=== Your objective ===
Pictures should be omitted from your copy. Everything else in the entries below must be restated word for word.

=== The records ===

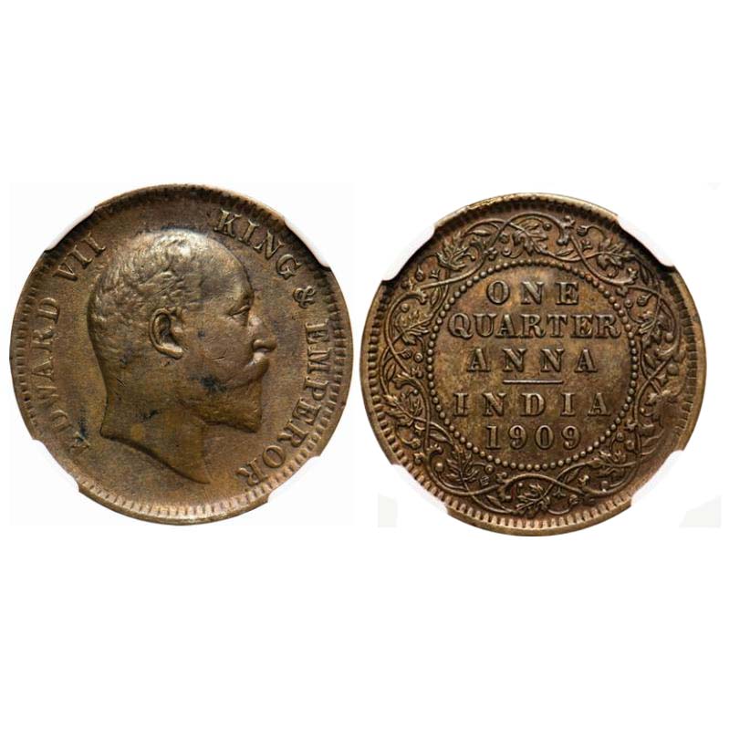 Edward VII, Bronze, Quarter Anna, 1909, Calcutta Mint, No mint mark. F. Prid # 654. GK 1001. NGC Slabbed XF 35 BN. Scarce.
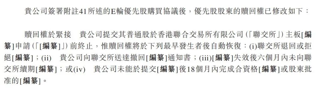 根据招股书中的相关条款,一旦IPO未能在18个月内完成,或者申请被退回、撤回,优先股持有人将有权要求公司进行赎回。
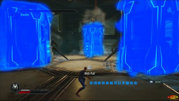 例如这个样子的一个机械,关闭需要花一点时间而且是有点长的那种。蜘蛛侠可以感应敌人的方位,所以在关闭前线感应一下,会比较好。关闭完成后,BOSS出现。
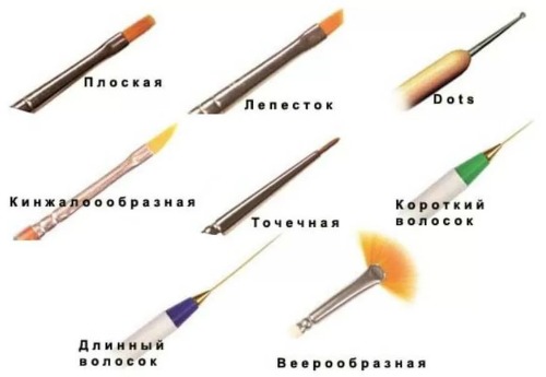 Чтобы выполнить «ювелирную работу» на ноготках, вам следует запастись определенным набором материалов, самым важным и сложным из которых являются кисти. Они позволяют воплотить на ногтевых пластинах самые уникальные композиции. При выборе кисточек отдавайте предпочтение натуральному ворсу из кролика или белки. Чтобы кисть долго вам служила, после работы помойте ее в теплой воде, тщательно просушите и уберите в чехол.
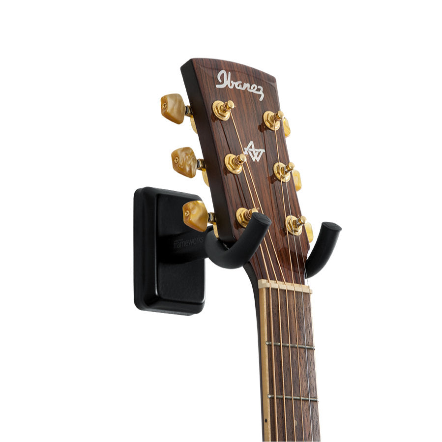 Frameworks Wall Mounted Guitar Hanger with Black Mounting Plate.
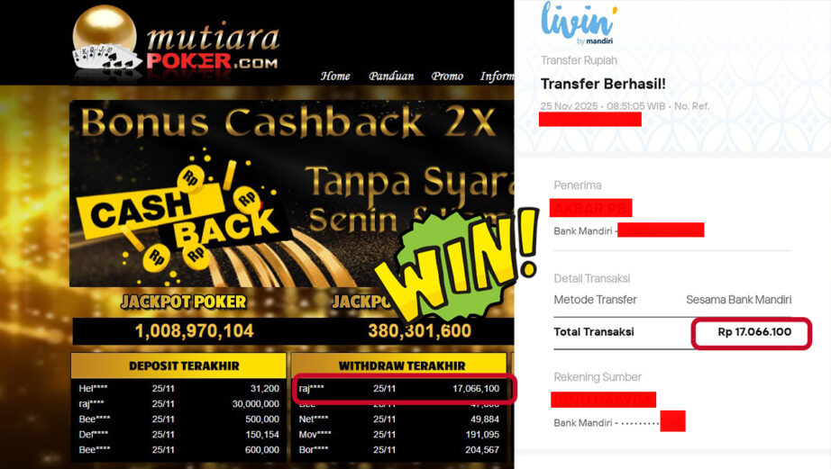 Bukti Withdraw ( 17,066,100,- ) Member Setia MutiaraPoker

=== Reply to the exercise ===
 Edward VII, Bronze, Quarter Anna, 1909, Calcutta Mint, No mint mark. F. Prid # 654. GK 1001. NGC Slabbed XF 35 BN. Scarce.
 根据招股书中的相关条款,一旦IPO未能在18个月内完成,或者申请被退回、撤回,优先股持有人将有权要求公司进行赎回。
 例如这个样子的一个机械,关闭需要花一点时间而且是有点长的那种。蜘蛛侠可以感应敌人的方位,所以在关闭前线感应一下,会比较好。关闭完成后,BOSS出现。
 Чтобы выполнить «ювелирную работу» на ноготках, вам следует запастись определенным набором материалов, самым важным и сложным из которых являются кисти. Они позволяют воплотить на ногтевых пластинах самые уникальные композиции. При выборе кисточек отдавайте предпочтение натуральному ворсу из кролика или белки. Чтобы кисть долго вам служила, после работы помойте ее в теплой воде, тщательно просушите и уберите в чехол.
 Frameworks Wall Mounted Guitar Hanger with Black Mounting Plate.
 Bukti Withdraw ( 17,066,100,- ) Member Setia MutiaraPoker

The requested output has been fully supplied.